You can have SSL/TLS without certificates. This is supported in the TLS standard: the "DH_anon" cipher suites involve no certificate whatsoever. But you have to remember that such an unauthenticated TLS is inherently weak against active attackers, since they cannot prevent client or server impersonation (or both at the same time, which is called a Man-in-the-Middle attack).
Most Web browsers deactivate DH_anon cipher suites because of the inherent vulnerability to MitM. You can have the same conceptual effect with a self-signed SSL certificate, that you can produce yourself without talking to any CA. Of course, the same Web browsers will then show the "scary warnings", for pretty much the same reason.

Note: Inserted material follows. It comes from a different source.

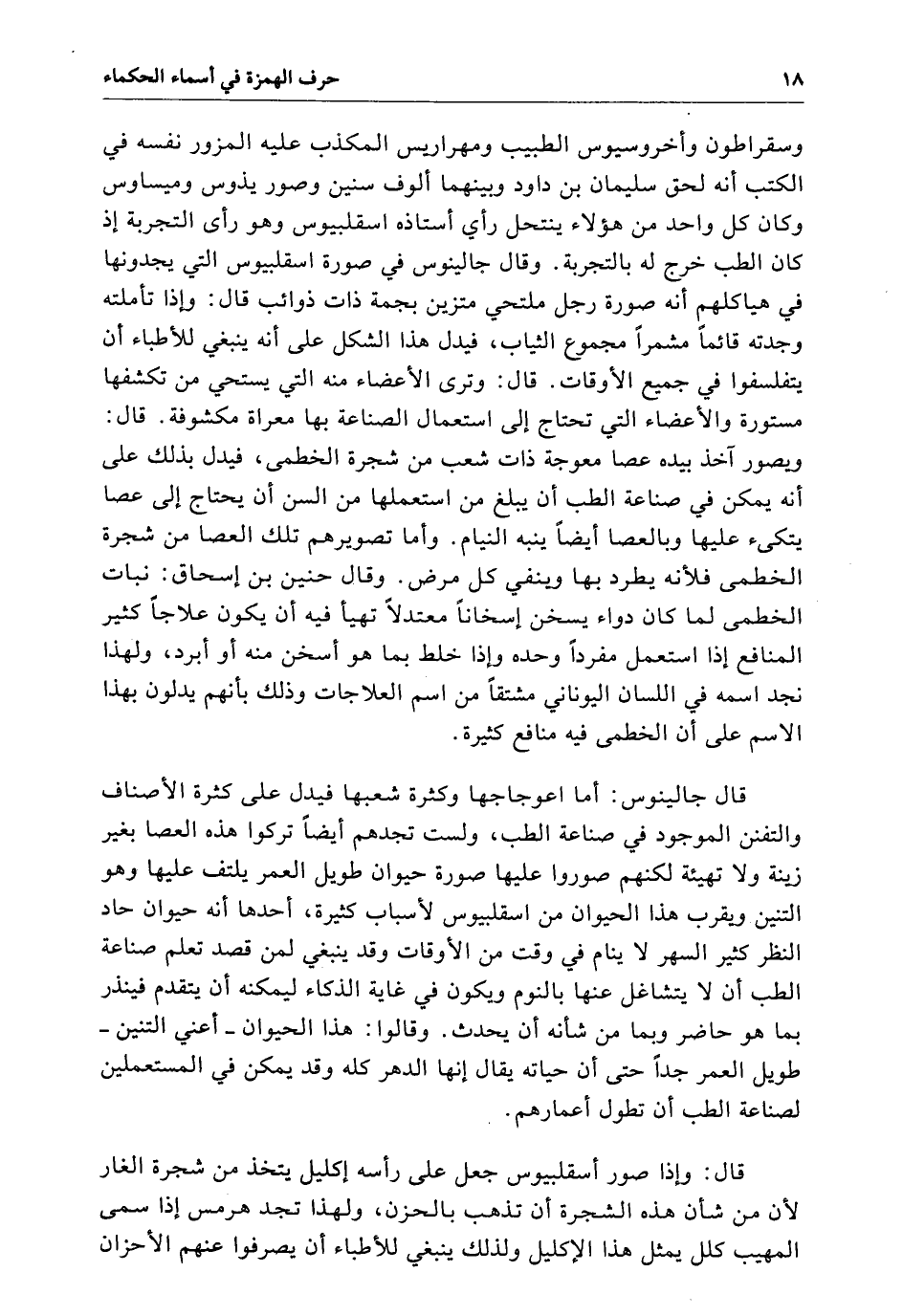 والأعضاء الَّتِي تحتاج إِلَى استعمال الصناعة بِهَا معراة مكشوفة قال ويصور آخذ بيده عصا معوجة ذات شعب من شجرة الخطمى فيدل بذلك عَلَى أنه يمكن فِي صناعة الطب ان يبلغ من استعملها من السن أن يحتاج إِلَى عصا يتكئ عَلَيْهَا وبالعصا أيضاً ينبه النيام وأما تصويرهم تِلْكَ العصا من شجرة الخطمى فلأنه يطرد بِهَا وينفي كل مرض وقال حنين ابن إسحاق نبات الخطمى لما كَانَ دواه يسخن إسخاناً معتدلاً تهيأ فِيهِ أن يكون علاجاً كثير المنافع إنما إذَا استعمل مفرداً وحده وإذا خلط بما هو أسخن منه أَوْ أبرد ولهذا تجد اسمه فِي اللسان اليوناني مشتقاً من اسم العلاجات وذلك بأنهم يدلون بهذا الاسم عَلَى أن الخطمى فِيهِ منافع كثيرة قال جالينوس أما اعوجاجها وكثرة شعبها فيدل عَلَى كثرة الأصناف والتفنن الموجود فِي صناعة الطب ولست تجدهم أيضاً تركوا هَذِهِ العصا بغير زينة ولا تهيئة لكنهم صوروا عَلَيْهَا صورة حيوان طويل الشعر يلتف عَلَيْهَا وهو التنين ويقرب هَذَا الحيوان من إسقلبيوس لأسباب كثيرة أحدها أنه حيوان حاد النظر كثير السهر لا ينام فِي وقت من الأوقات وَقَدْ ينبغي لمن قصد تعلم صناعة الطب أن لا يتشاغل عنها بالنوم ويكون فِي غاية الذكاء ليمكنه أن يتقدم فينذر بما هو حاضر وبما من شأنه أن يحدث وقالوا هَذَا الحيوان أعني التنين طويل العمر جداً حَتَّى أن حياته يقال أنها الدهر كله وَقَدْ يمكن فِي المستعملين لصناعة الطب أن تطول أعمارهم قال وإذا صور إسقلبيوس جعل عَلَى رأسه إكليل يتخذ من شجرة الغار لأن من شأن هَذِهِ الشجرة أن تذهب بالحزن ولهذا تجد هرمس إذَا سمى المهيب كليل بمثل هَذَا الإكليل ولذلك ينبغي للأطباء أن يصرفوا عنهم الحزان لأن إسقلبيوس كلل بإكليل يذهب بالحزن ولأن الشجرة هَذِهِ أيضاً فِيهَا قوة تشفي الأمراض من ذَلِكَ أنك تجدها إذَا ألقيت فِي موضع هربت من ذَلِكَ الموضع الهوام وذوات السموم. لأعضاء الَّتِي تحتاج إِلَى استعمال الصناعة بِهَا معراة مكشوفة قال ويصور آخذ بيده عصا معوجة ذات شعب من شجرة الخطمى فيدل بذلك عَلَى أنه يمكن فِي صناعة الطب ان يبلغ من استعملها من السن أن يحتاج إِلَى عصا يتكئ عَلَيْهَا وبالعصا أيضاً ينبه النيام وأما تصويرهم تِلْكَ العصا من شجرة الخطمى فلأنه يطرد بِهَا وينفي كل مرض وقال حنين ابن إسحاق نبات الخطمى لما كَانَ دواه يسخن إسخاناً معتدلاً تهيأ فِيهِ أن يكون علاجاً كثير المنافع إنما إذَا استعمل مفرداً وحده وإذا خلط بما هو أسخن منه أَوْ أبرد ولهذا تجد اسمه فِي اللسان اليوناني مشتقاً من اسم العلاجات وذلك بأنهم يدلون بهذا الاسم عَلَى أن الخطمى فِيهِ منافع كثيرة قال جالينوس أما اعوجاجها وكثرة شعبها فيدل عَلَى كثرة الأصناف والتفنن الموجود فِي صناعة الطب ولست تجدهم أيضاً تركوا هَذِهِ العصا بغير زينة ولا تهيئة لكنهم صوروا عَلَيْهَا صورة حيوان طويل الشعر يلتف عَلَيْهَا وهو التنين ويقرب هَذَا الحيوان من إسقلبيوس لأسباب كثيرة أحدها أنه حيوان حاد النظر كثير السهر لا ينام فِي وقت من الأوقات وَقَدْ ينبغي لمن قصد تعلم صناعة الطب أن لا يتشاغل عنها بالنوم ويكون فِي غاية الذكاء ليمكنه أن يتقدم فينذر بما هو حاضر وبما من شأنه أن يحدث وقالوا هَذَا الحيوان أعني التنين طويل العمر جداً حَتَّى أن حياته يقال أنها الدهر كله وَقَدْ يمكن فِي المستعملين لصناعة الطب أن تطول أعمارهم قال وإذا صور إسقلبيوس جعل عَلَى رأسه إكليل يتخذ من شجرة الغار لأن من شأن هَذِهِ الشجرة أن تذهب بالحزن ولهذا تجد هرمس إذَا سمى المهيب كليل بمثل هَذَا الإكليل ولذلك ينبغي للأطباء أن يصرفوا عنهم الحزان
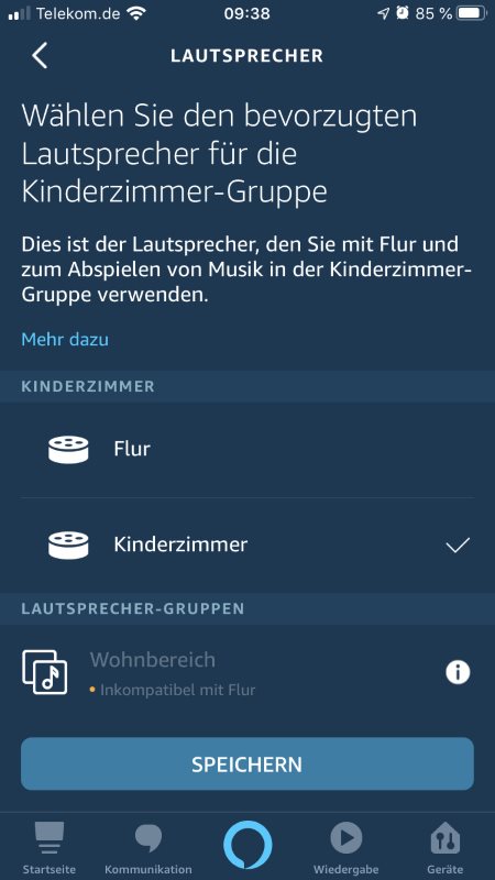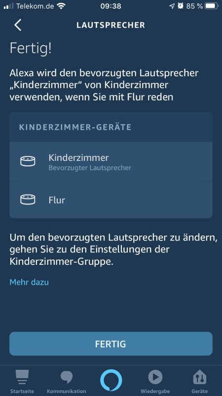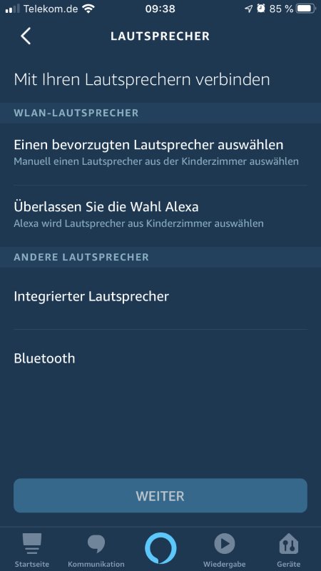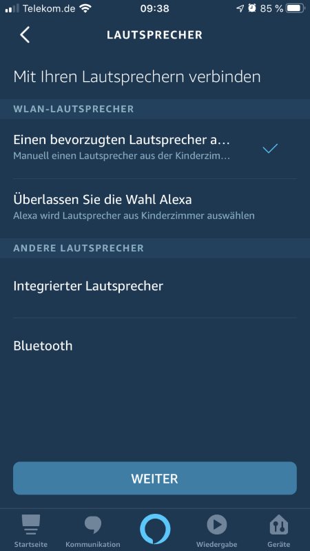 Um einen kompatiblen WLAN-Lautsprecher oder einen Amazon Echo als bevorzugten Lautsprecher für die Ausgabe des Ton zu definieren, gehst du in der Alexa App auf Menu -> Einstellungen/Geräteeinstellungen, Echo auswählen -> Lautsprecher.

From the EFF point of view, whose arch-enemy is the NSA, generalized DH_anon cipher suites would make sense, since Evil Spy Agencies™ are know to prefer passive eavesdropping (since it leaves no incriminating traces). Passive eavesdropping is defeated by DH_anon. However, for most other people, the biggest threat is not governmental intrusiveness, but mundane con-artists that try to separate you from your money, and these do not hesitate to run full MitM attacks, e.g. with fake WiFi access points.
The Let's Encrypt initiative aims at making certificate issuance free (as in "no money") and automated, while still maintaining a bit of effort at "verifying" that whoever obtains the certificate has some degree of control over the designated domain. From the look of it (it deserves closer inspection), this system relies on the DNS and implies that any DNS attack (e.g. DNS spoofing) might be leveraged into rogue certificate issuance, in a fully automated way, so this initiative would be a weakening of the current certificate model. On the other hand, if it convinces more people to use SSL, it contributes to a "safer World", at least from NSA-is-the-Devil point of view, where what matters is defeating passive eavesdroppers.
Anyway, without support from Microsoft and Google (i.e. inclusion of the Let's Encrypt root CA in IE and Chrome), there is no way that the initiative really turns into generalized HTTPS. Not a lot of people would activate SSL on their Web site if it means that 70% of users will get insulted and scared away by their browsers. If Microsoft and Google don't jump in the wagon (and I don't believe they will), then the Let's Encrypt system will remain a political gesture, but won't be widespread (and ultimately Mozilla will drop it if someone bothers to mount an automated DNS-based attack).
There is another completely different certificate-less mode for SSL; it is called SRP. That one is safe, but different from normal Web browsing. SRP ensures mutual client/server authentication with regards to a shared secret, and it does so in a way that protects the shared secret against offline brute force -- so it can tolerate the use of a low entropy shared secret, i.e. a password. TLS-SRP makes a lot of sense for accessing password-protected network resources, and it involves no certificate at all; and yet, it is safe against MitM and eavesdropping.
Unfortunately, Web browsers don't currently support SRP.